The free open-source Tesseract OCR 4.0 for Windows (beta, 64-bit), released 14th April 2018.

“The Mannheim University Library uses Tesseract to perform OCR of historical German newspapers. Normally we run Tesseract on Debian GNU Linux, but there was also the need for a Windows version. That’s why we have built a Tesseract installer for Windows.”

The Tesseract engine was apparently originally from Google, in use there at Google Books, but Google made it open source.

Tesseract 4.0 supports OCR in a range of old and ancient letterforms including German blackletter (aka Fraktur, in popular parlance ‘Gothic’), but these need to selectively enabled at install…

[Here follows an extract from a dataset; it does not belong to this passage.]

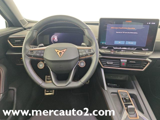 7 airbag (2 frontali, 2 laterali, 2 tendina, 1 centrale), ABS, ABS (Sistema di frenata antibloccaggio), ACC Predittivo (Adaptive Cruise Control), Adaptive Cruise Control, Alzacristalli elettrici anteriori, Alzacristalli elettrici posteriori, Attrezzi di bordo, Autoradio, Autoradio digitale, Avvisatore acustico mancato allacciamento cintura di sicurezza, Battitacco anteriori illuminati, Bluetooth, Braccialetto CUPRA in fibra di carbonio, Bracciolo, Bracciolo anteriore e posteriore, Cambio automatico DSG a 7 rapporti, Cerchi in lega, Chiusura centralizzata, Cielo abitacolo nero, Cintura di sicurezza anteriori automatiche a tre punti, Cinture posteriori laterali automatiche a 3 punti, Climatizzatore, Climatronic tri-zona, Colore interni in tessuto e similpelle SHARP Nero, Comando vocale, Concezione variabile del fondo vano di carico, Connectivity Box (Sistema di ricarica wireless per smartphone), Controllo elettronico della corsia, Controllo trazione, Cover chiave in fibra di carbonio, Cruise Control, Cupra connect, DAB (Digital Audio Broadcasting), Dashboard con design parametrico 3D e cuciture a contrasto in colore copper, Disattivazione airbag passeggero, Dispositivo Stop-Start con dispositivo di recupero, Doppio fondo nel vano bagagli, Drive Profile, ESP, Fari Full LED anteriori con firma luminosa triangolare, Fari LED, Fendinebbia, Frenata d'emergenza assistita, Freno di stazionamento elettrico, Front assist con sistema di frenata di emergenza e rilevamento pedoni e ciclisti, Full Link Wireless con Apple CarPlay e Android Auto, Funzione automatica coming & leaving home, Immobilizzatore elettronico, Indicatori di direzione posteriori dinamici, Inserti decorativi in Tech Copper e Dark Aluminium, Keyless Go (sistema di avviamento senza chiave), Kit di riparazione pneumatici, Lane Assist (sistema di mantenimento della corsia), Light assist (dispositivo di assistenza abbaglianti), Mancorrenti al tetto e cornici finestrini nero lucido, Mancorrenti neri, Modanature nere, Paraurti sportivi, Pedaliera con inserti metallici, Predisposizione per dispositivo di blocco basato sul tasso alcolico, Presa elettrica da 230 V nel vano bagagli, Regolazione automatica della distanza, Regolazione lombare e in altezza sedili anteriori, Regolazione manuale in altezza dei sedili anteriori, Retronebbia, Riconoscimento dei segnali stradali, Rivestimento del vano bagagli con vani portaoggetti, Rivestimento porte e pannelli laterali, Sedile posteriore sdoppiato, Sedili anteriori sportivi in tessuto e similpelle, Sedili posteriori abbattibili, Sensore di luce, Sensore di pioggia, Sensore luci, Sensore pioggia, Sensori di parcheggio anteriori e posteriori, Sensori di parcheggio posteriori, Sensori luci e pioggia, Serbatoio a carboni attivi (EVAP), Servosterzo, Sistema ancoraggio ISOFIX i-Size + 2 Top Tether, Sistema di controllo della pressione pneumatici, Sistema di propulsione ibrido Mild Hybrid, Sistema di riconoscimento della stanchezza, Sistema per la chiamata di emergenza e-Call, Specchietti laterali elettrici, Specchietto retrovisivo interno di sicurezza schermabile automaticamente, Tasche fermacarico sugli schienali, Tergilavalunotto a funzionamento intermittente, Terminali di scarico nascosti, Traffic Sign Recognition (riconoscimento dei segnali stradali), Trazione anteriore, Vernice Fiord Blue pastello, Vetri posteriori oscurati, Volante riscaldato con leve del cambio integrate, Welcome ceremony (cerimonia di apertura), XDS (Sistema differenziale elettronico)

Once installed there are a few Windows GUI front-ends to choose from, with which to operate Tesseract. gImageReader is 64-bit Windows and current. On their forums I found a gImageReader beta version that is newly-compiled for Tesseract 4.0 beta. That needs to be launched in Windows Administrator mode, and then it also seems to require a Fraktur download, in order to handle OCR of German blackletter letterforms…

I’m assuming that gImageReader ‘knows’ where Tesseract 4.0 is, and hooks into it automatically. Because I didn’t need to set any file-paths to it, in gImageReader.

Once gImageReader is set up and the Frankur toggle/icon is switched, even when taking a screenshot the OCR results were pretty good…

It can also handle complete PDFs, and seems to go at about 15 pages per minute on a modern desktop PC. Nice to have, and (in combination with Google Translate) useful if your research takes you back to the German literature of pre-1938 — but you can’t read German and certainly not in blackletter.

There are probably online sign-up services that can do the same, these days, where you do a sluggish upload and have to deal with time-outs and usage-quotas etc. But I prefer the ease of having one’s own Windows desktop software.